BIG UPDATE: The project has been completely reconstructed and is faster, more extendable and the codes are easier to read and use now. If you need get to the old version, please refer to branch old_version.

New features:

  • JSON data support.
  • Multi GPU training.
  • Validating while training.

Overview

It is a TensorFlow-based framwork for easily building relation extraction (RE) models. We divide the pipeline of relation extraction into four parts, which are embedding, encoder, selector (for distant supervision) and classifier. For each part we have implemented several methods.

  • Embedding
    • Word embedding
    • Position embedding
  • Encoder
    • PCNN
    • CNN
    • RNN
    • Bidirection RNN
  • Selector
    • Attention
    • Maximum
    • Average
  • Classifier
    • Softmax Loss Function
    • Output

All those methods could be combined freely.

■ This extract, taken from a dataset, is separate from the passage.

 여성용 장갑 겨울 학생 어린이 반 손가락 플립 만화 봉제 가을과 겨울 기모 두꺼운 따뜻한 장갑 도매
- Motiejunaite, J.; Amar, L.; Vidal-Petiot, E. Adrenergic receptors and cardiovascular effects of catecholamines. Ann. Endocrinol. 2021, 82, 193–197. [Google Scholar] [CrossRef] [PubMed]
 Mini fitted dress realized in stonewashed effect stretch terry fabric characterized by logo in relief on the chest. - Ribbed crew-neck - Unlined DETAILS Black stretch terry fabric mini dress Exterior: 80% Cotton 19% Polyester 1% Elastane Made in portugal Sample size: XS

We also provide training and testing framework for sentence-level RE and bag-level RE. A plotting tool is also in the package.

This project is under MIT license.

Requirements

pip install -r requirements.txt

  • Python (>=2.7)
  • Numpy (>=1.13.3)
  • TensorFlow (>=1.4.1)
    • CUDA (>=8.0) if you are using gpu
  • Matplotlib (>=2.0.0)
  • scikit-learn (>=0.18)

Data Format

For training and testing, you should provide four JSON files including training data, testing data, word embedding data and relation-ID mapping data.

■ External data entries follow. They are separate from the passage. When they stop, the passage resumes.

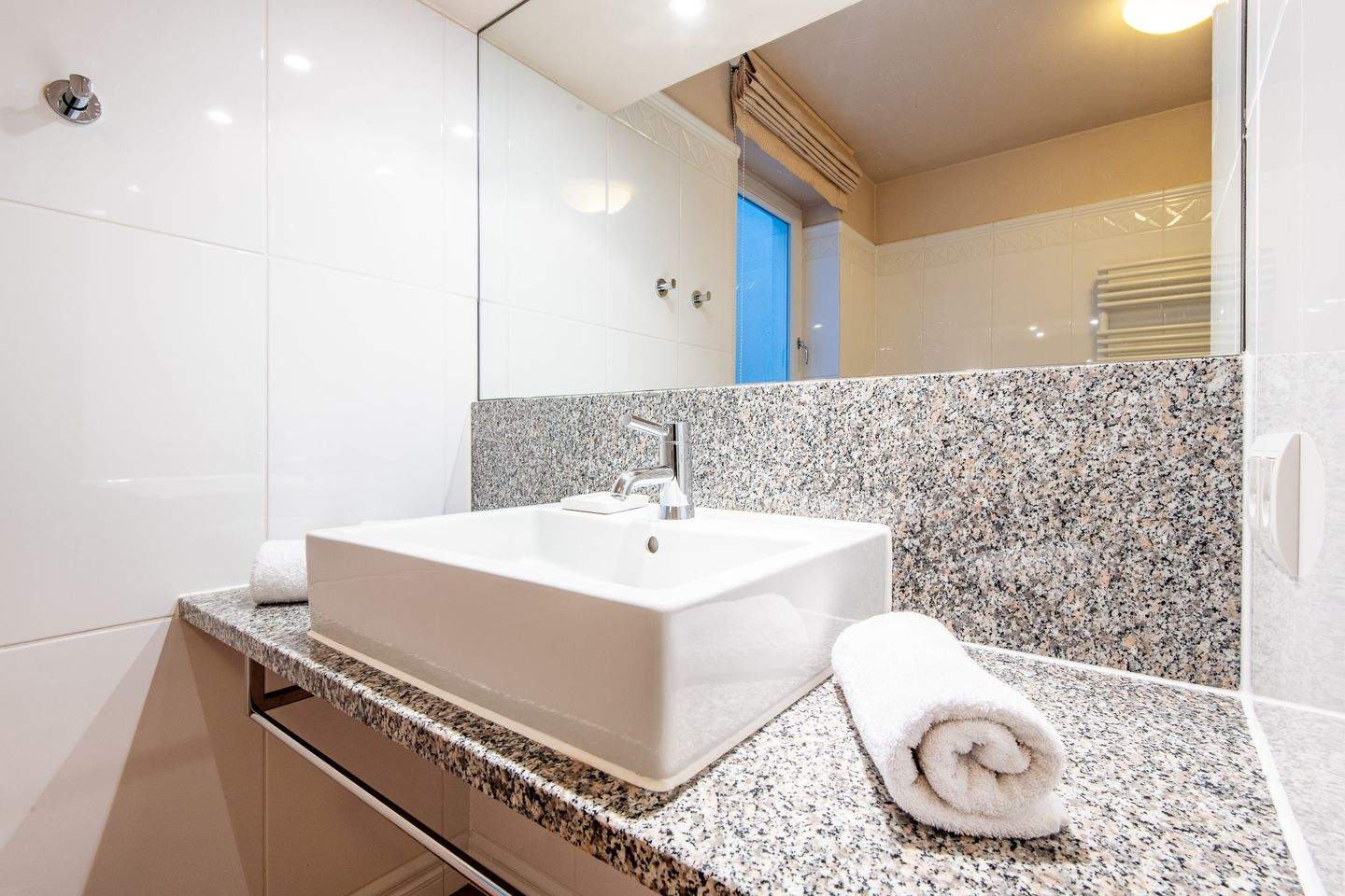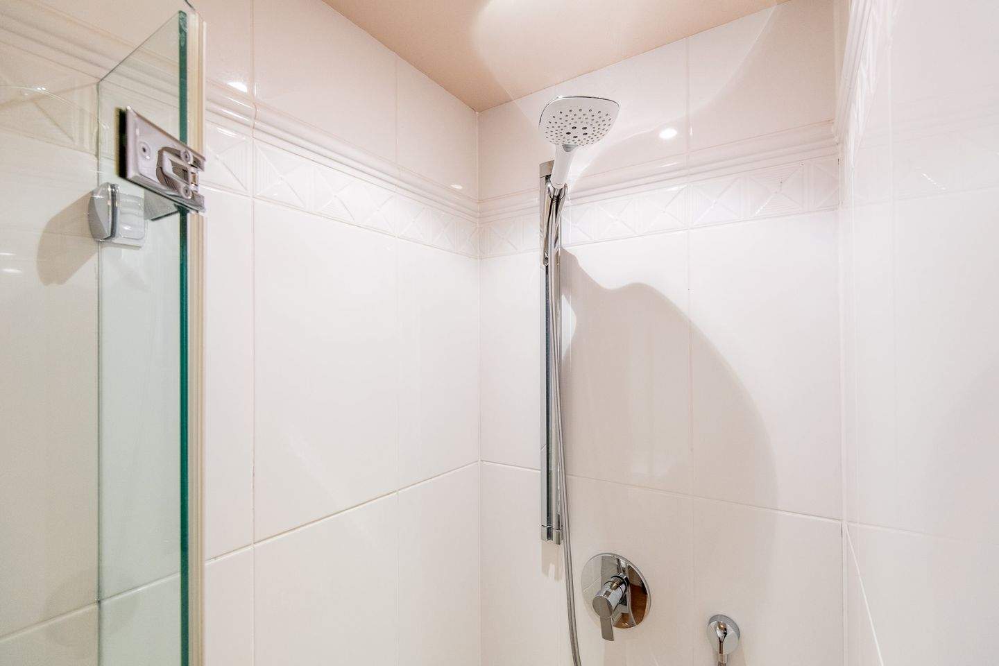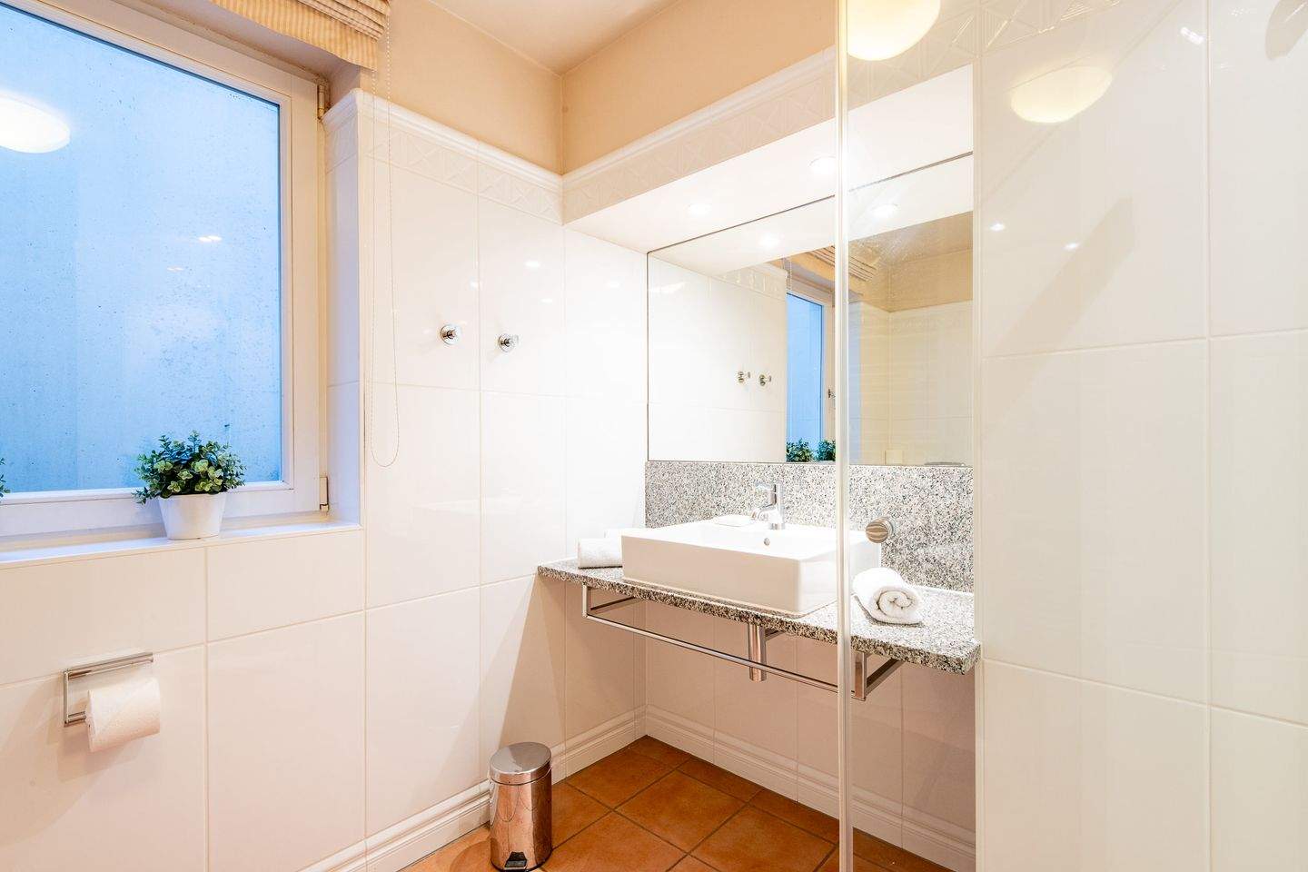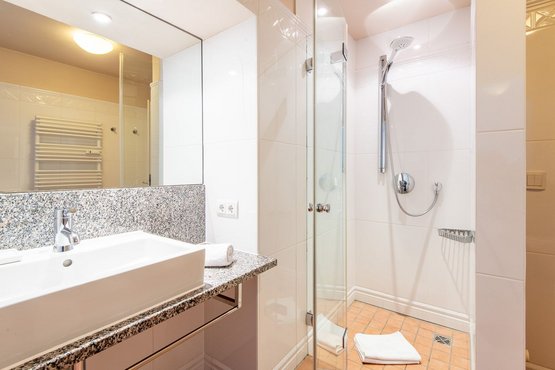1. Badezimmer mit Dusche zeichnet sich durch einen bodentiefen Einstieg aus und bietet eine moderne und komfortable Atmosphäre.
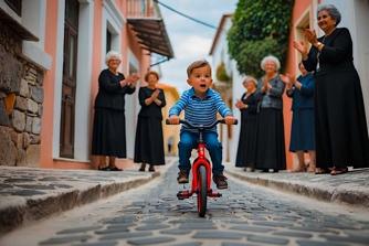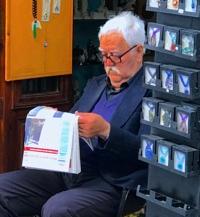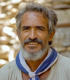 A moustached old man in a weather-beaten hat made a doll for his grandkids out of a pine cone, with dry grass for hair and chickpeas for eyes.
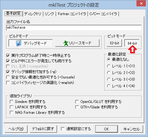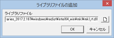 ※この際に64bitアーキテクチャ向けのもの(MKLインストール先フォルダと同じ階層にあるredistフォルダ内のintel64_win\mkl\mkl_rt.dll)を指定するようにして下さい。
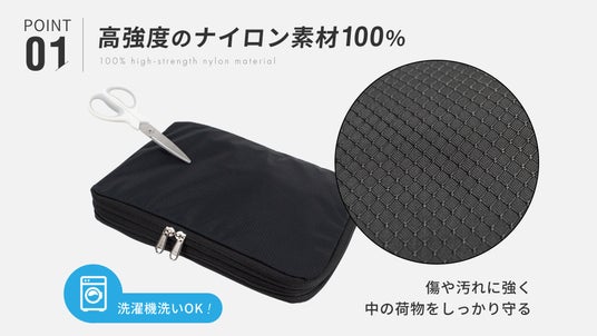 ・高強度ナイロン100%素材で、軽量ながらしっかり丈夫。

Training Data & Testing Data

Training data file and testing data file, containing sentences and their corresponding entity pairs and relations, should be in the following format

[
    {
        'sentence': 'Bill Gates is the founder of Microsoft .',
        'head': {'word': 'Bill Gates', 'id': 'm.03_3d', ...(other information)},
        'tail': {'word': 'Microsoft', 'id': 'm.07dfk', ...(other information)},
        'relation': 'founder'
    },
    ...
]

IMPORTANT: In the sentence part, words and punctuations should be separated by blank spaces.

Word Embedding Data

Word embedding data is used to initialize word embedding in the networks, and should be in the following format

[
    {'word': 'the', 'vec': [0.418, 0.24968, ...]},
    {'word': ',', 'vec': [0.013441, 0.23682, ...]},
    ...
]

Relation-ID Mapping Data

This file indicates corresponding IDs for relations to make sure during each training and testing period, the same ID means the same relation. Its format is as follows

{
    'NA': 0,
    'relation_1': 1,
    'relation_2': 2,
    ...
}

IMPORTANT: Make sure the ID of NA is always 0.

Provided Data

NYT10 Dataset

NYT10 is a distantly supervised dataset originally released by the paper "Sebastian Riedel, Limin Yao, and Andrew McCallum. Modeling relations and their mentions without labeled text.". Here is the download link for the original data.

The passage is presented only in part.